Pauline Marois has emerged as the winner of the internal wars that have beset the Parti Québécois. Her leadership went uncontested at the recent PQ National Council meeting. Her principal rival, former Bloc leader, Gilles Duceppe has removed himself from active politics following a leak to La Presse, citing misappropriation by the Bloc of parliamentary funds for partisan purposes.

For Pierre Dubuc, a militant left-wing sovereignist, writing in L’Aut’Journal, the most important news is that Marois has corrected the mistakes that contributed to her troubles.

The PQ had decided to recruit voter support in Quebec City, and surrounding areas from the right-wing ADQ. That explained why it backed the Quebecor bid for a special arena deal to house the Quebec Nordiques (and help its bid to return to the NHL). Dropping its principled opposition to sweetheart construction deals like the one with Quebecor led to defections from the PQ caucus.

The ADQ recently wound up its activities. It merged with the CAQ (Coalition for the Future of Quebec) led by former PQ minister François Legault. The CAQ pledged to take discussion of the national question (sovereignty or independence) off the table for 10 years if elected, which puts them on the other side of the national question from the PQ. This greatly irritates Premier Jean Charest who wants Legault to be considered a sovereignist, and leaves Marois free to court traditional nationalist voters.

While off trying to persuade right-leaning voters that the PQ could accommodate their concerns, Marois and her troops were losing ground on progressive issues to Québec Solidaire. Many trade unionists, and social movement activists want to see increased attention to the “social question” from Marois, who has been preoccupied with holding the support of the vocal independence wing of the PQ, to counter Legault and the neo-liberalism of the CAQ.

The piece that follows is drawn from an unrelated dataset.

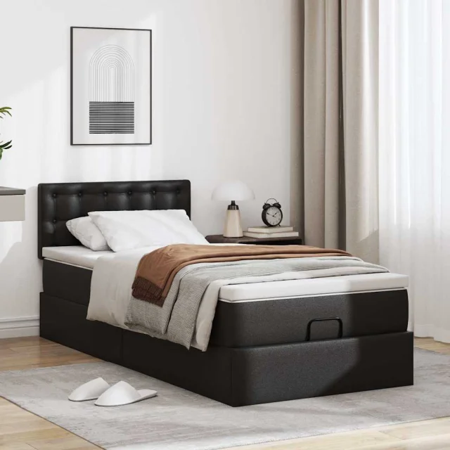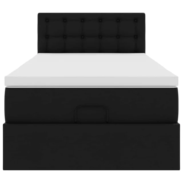vidaXL Otomanski posteljni okvir z vzmetnico črn 90x200 cm um. usnje

While the reduction of the Bloc to a small parliamentary rump was a blow to the Quebec sovereignist movement, the absence of a strong Bloc leader in Ottawa has also given Marois more reason (and more room on the stage) to attack Stephen Harper. Contesting Harper lets Marois strengthen her appeal with progressives on socio-economic policies, and draw a picture for nationalists of Canada as a bad bargain for Quebec, and independence as a better option for the future. By attacking Harper, she speaks to both between the social wing and the nationalist wing of the PQ.

With an election expected as early as this spring, Pauline Marois and the sovereignist movement can thank Stephen Harper for putting the PQ back in the running to form the next government. Since winning his majority (while losing a few seats in Quebec) the Canadian prime minister has been deliberately provocative in his dealings with Quebec. Harper has seen fit to appoint unilingual individuals to key posts such as Auditor General of Canada, or Supreme Court Justice; pass over Quebec for ship-building contracts; pull out of the Kyoto accord despite protests from the Quebec government; promote the British Crown as a symbol of national unity; and most recently close the Services Canada centre in Rimouski, despite a large backlog of EI claims in Quebec.

Harper calculates that a revival of the Bloc is the best — and maybe only way — to defeat NDP MPs. The Liberal party is still damaged goods in Francophone Quebec. Harper has not given up on the province, but for the time being he limits his Conservative largesse to Quebec, as a way of punishing the province for not voting for his party.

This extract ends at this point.